++++ Given material

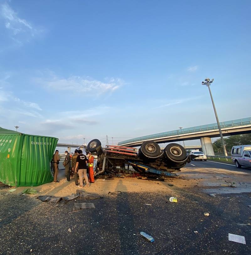 โดยที่เกิดเหตุบริเวณถนนมอเตอร์เวย์ มุ่งหน้าชลบุรี ช่องทางขวา พบรถพ่วง 18 ล้อ บรรทุกตู้คอนเทนเนอร์บรรจุข้าวเปลือกจำนวนมาก เสียหลักตกลงมาจากสะพานที่มีความสูง 6-7 เมตร ตรวจสอบพบคนขับรถพ่วงเสียชีวิตคาที่ ทราบชื่อ นายวิจักร อายุ 40 ปี
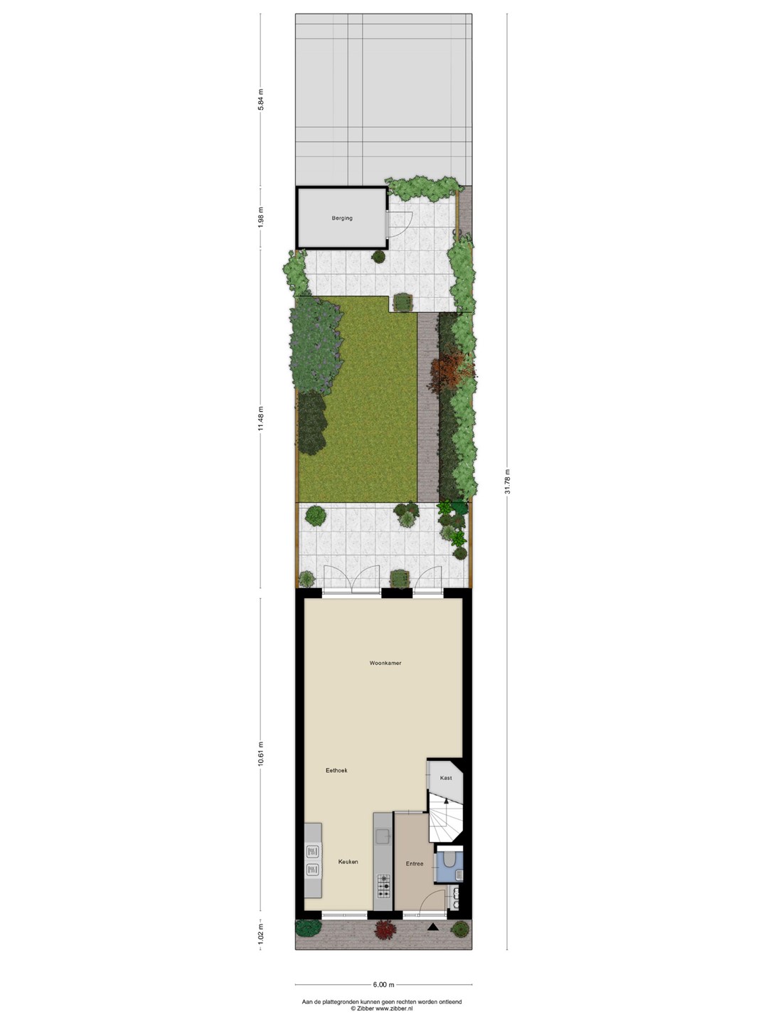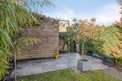 De fraai aangelegde tuin is een fijne combinatie van groen en bestrating. Er is een ruim terras voor een tuinset, een verzorgd gazon en plantenborders die zorgen voor een prettige en natuurlijke uitstraling. De tuin beschikt over een houten berging en een praktische achterom.
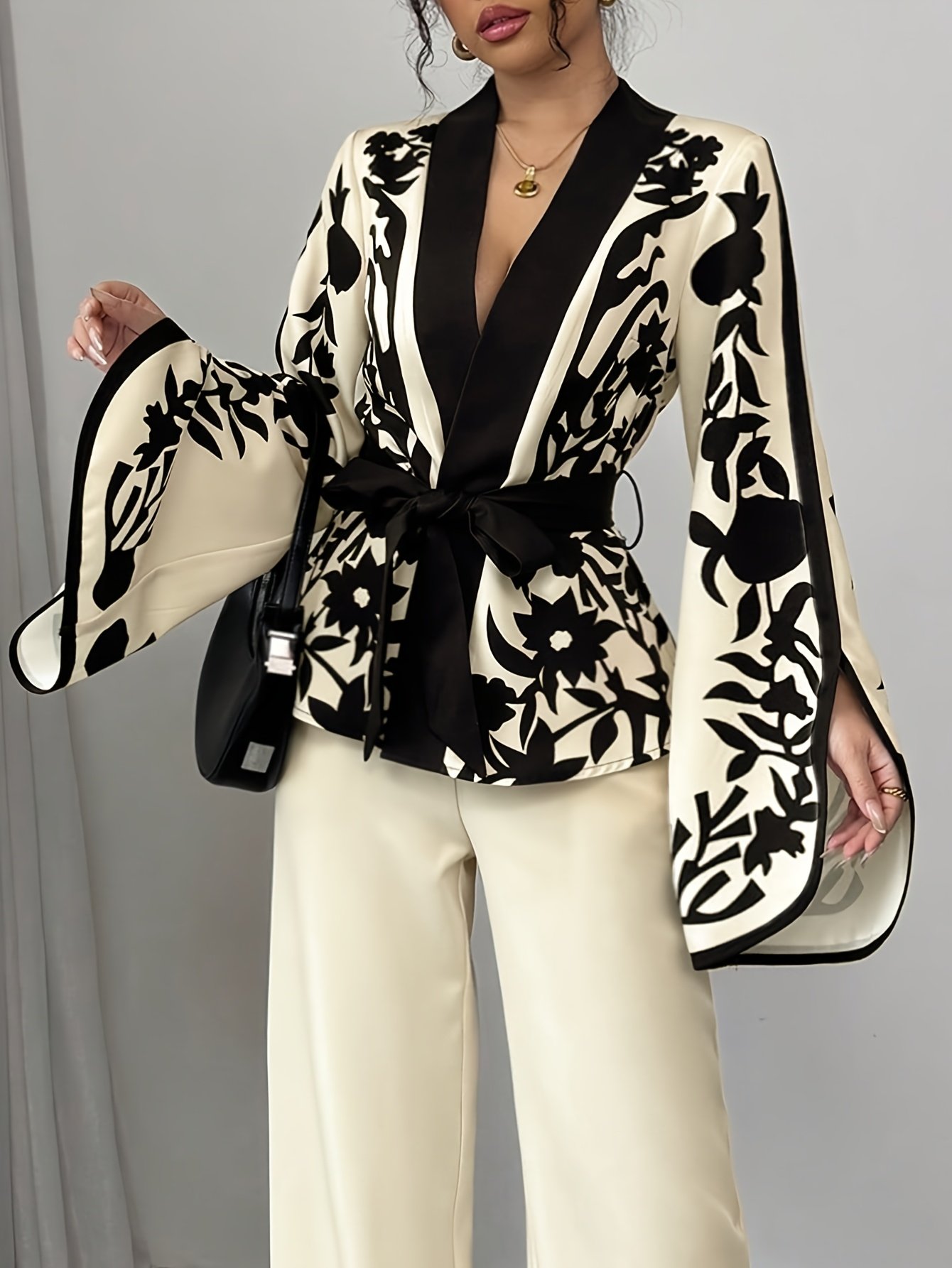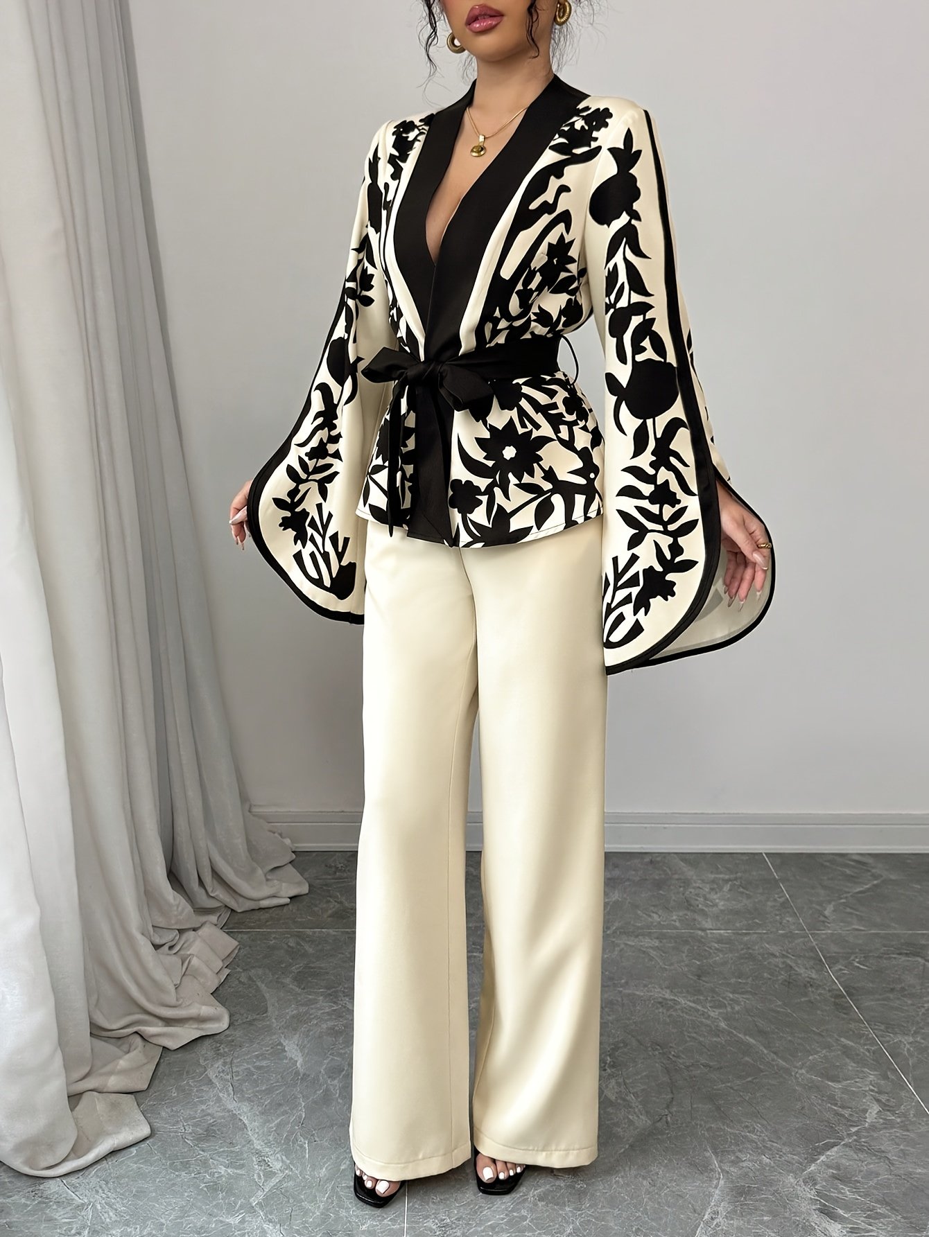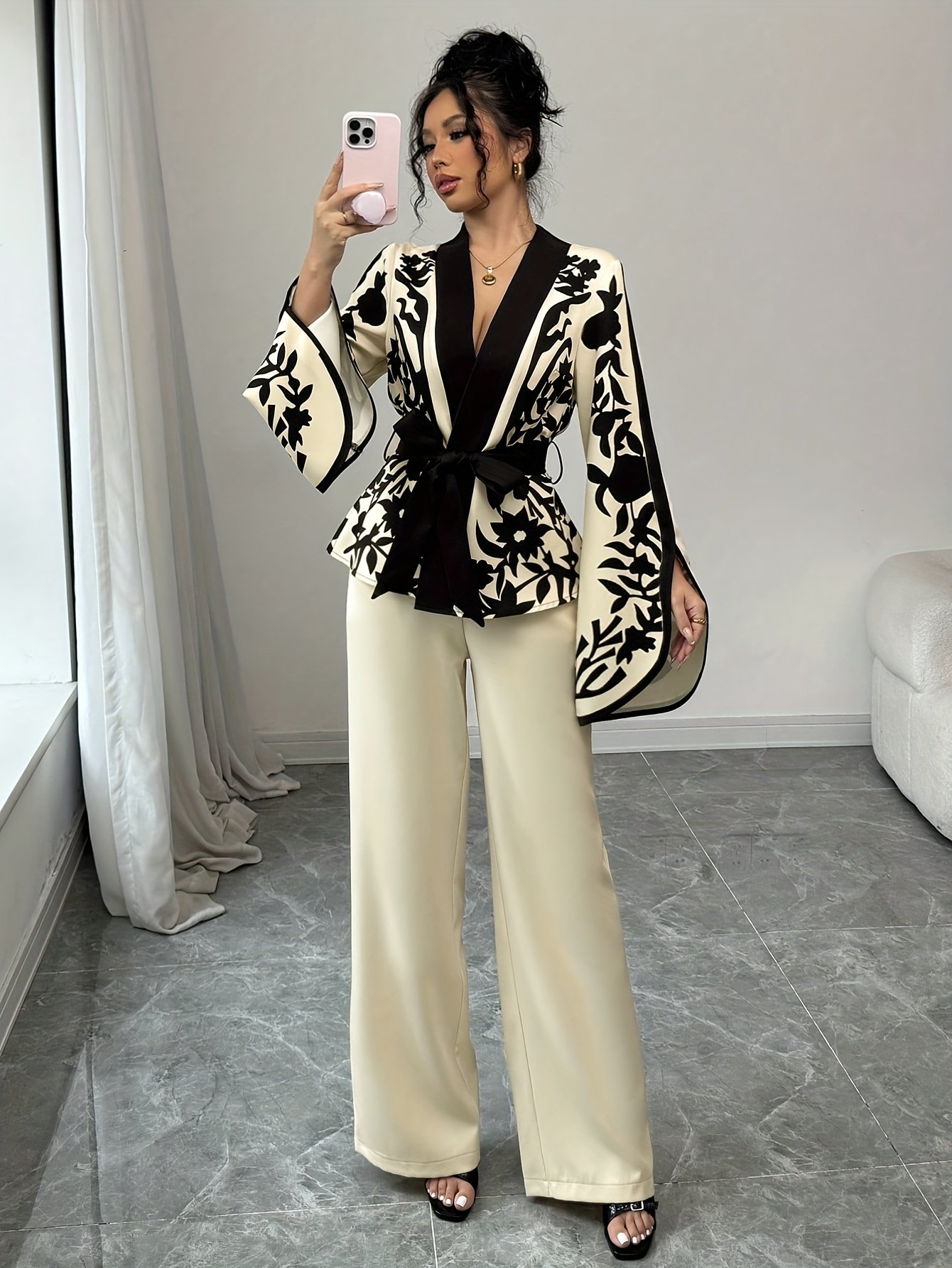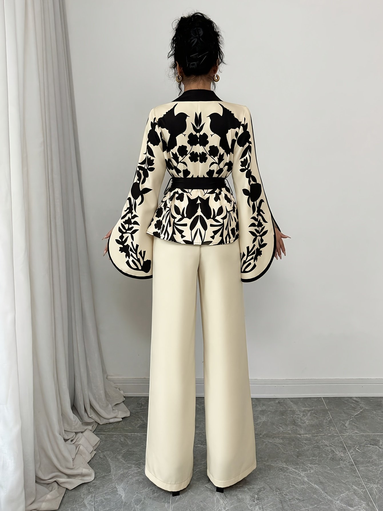 - עיצוב אופנתי וייחודי: סט מדהים זה משלב ז'קט מודפס בגזרה אופנתית ומותן מוגדרת עם חגורה אלגנטית, ומכנסיים רחבים בגזרה ישרה, כדי להעניק לך מראה שלם ונועז שבו תזהרי בכל מקום.

++++++++

Directions - Without the pictures, repeat the listing above exactly.

Task output -
 โดยที่เกิดเหตุบริเวณถนนมอเตอร์เวย์ มุ่งหน้าชลบุรี ช่องทางขวา พบรถพ่วง 18 ล้อ บรรทุกตู้คอนเทนเนอร์บรรจุข้าวเปลือกจำนวนมาก เสียหลักตกลงมาจากสะพานที่มีความสูง 6-7 เมตร ตรวจสอบพบคนขับรถพ่วงเสียชีวิตคาที่ ทราบชื่อ นายวิจักร อายุ 40 ปี
 De fraai aangelegde tuin is een fijne combinatie van groen en bestrating. Er is een ruim terras voor een tuinset, een verzorgd gazon en plantenborders die zorgen voor een prettige en natuurlijke uitstraling. De tuin beschikt over een houten berging en een praktische achterom.
 - עיצוב אופנתי וייחודי: סט מדהים זה משלב ז'קט מודפס בגזרה אופנתית ומותן מוגדרת עם חגורה אלגנטית, ומכנסיים רחבים בגזרה ישרה, כדי להעניק לך מראה שלם ונועז שבו תזהרי בכל מקום.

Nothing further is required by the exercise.